Quantum Computing for Complex Problem Solving

We live in the era of computers. Today we use computers almost in every field and we are so much dependent on them. It is even impossible to imagine research, space exploration, or technical advancement without computers. We have not only reduced its size considerably over the past centuries but also increases its computing capacity to a great extent. For example, our mobile phones are much smaller and faster than the military computers that were used 50 years ago which were as huge as the size of the room. Despite all, our modern computers are not adequately perfect in many aspects. The most common limitation of these computers is their speed as they spend enough time-solving Complex Mathematical Equations. Their other but important drawbacks are high consumption of energy or power and limited storage capacity.

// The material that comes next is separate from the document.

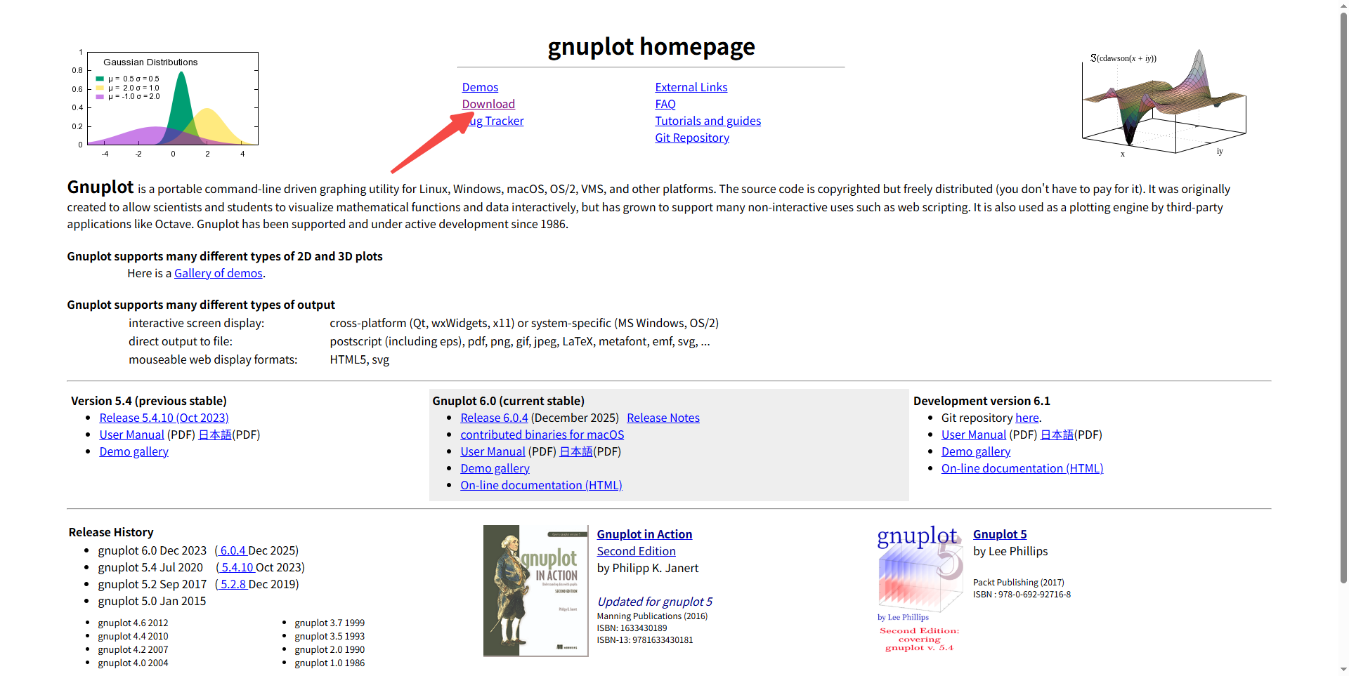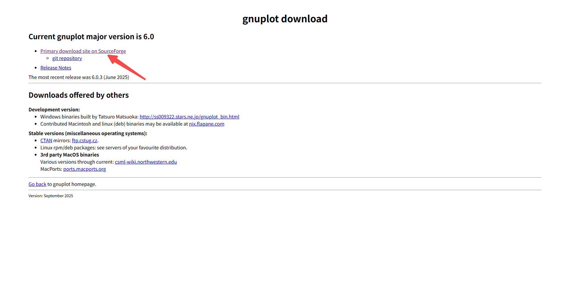 - 进入 Gnuplot 官方网站,选择 Download 进入下载页面。

So, we need such computers that are many times better and faster than the computers of this generation in every field. Companies like Google, Intel, or IBM are investing their money and time to build a computer by using the principles of quantum physics. These computers are called Quantum computers. The working model of such computers has been architected as well as they have been successfully tested by using them in solving some simple equations. Now, these companies are giving their efforts to make such computers on a large scale with high efficiency.

Quantum computer:

Quantum computers are computers that use quantum theories to perform computation.

A normal computer that we use very often such as desktop, laptop, tablet, smartphones, etc. is also known as a binary computer because it’s all functionalities are based on two numbers i.e., 0 or 1. A binary computer performs computation with the help of a processor that uses a transistor. Every transistor can have only two possible states either it is on or it is off. Here 0 represents off state and 1 represents on the state. what to compute in the next step of an algorithm or a program is solely decided by 0 or 1 and these numbers are called bits. But in the case of quantum computers, we use qubits or quantum bits instead of bits.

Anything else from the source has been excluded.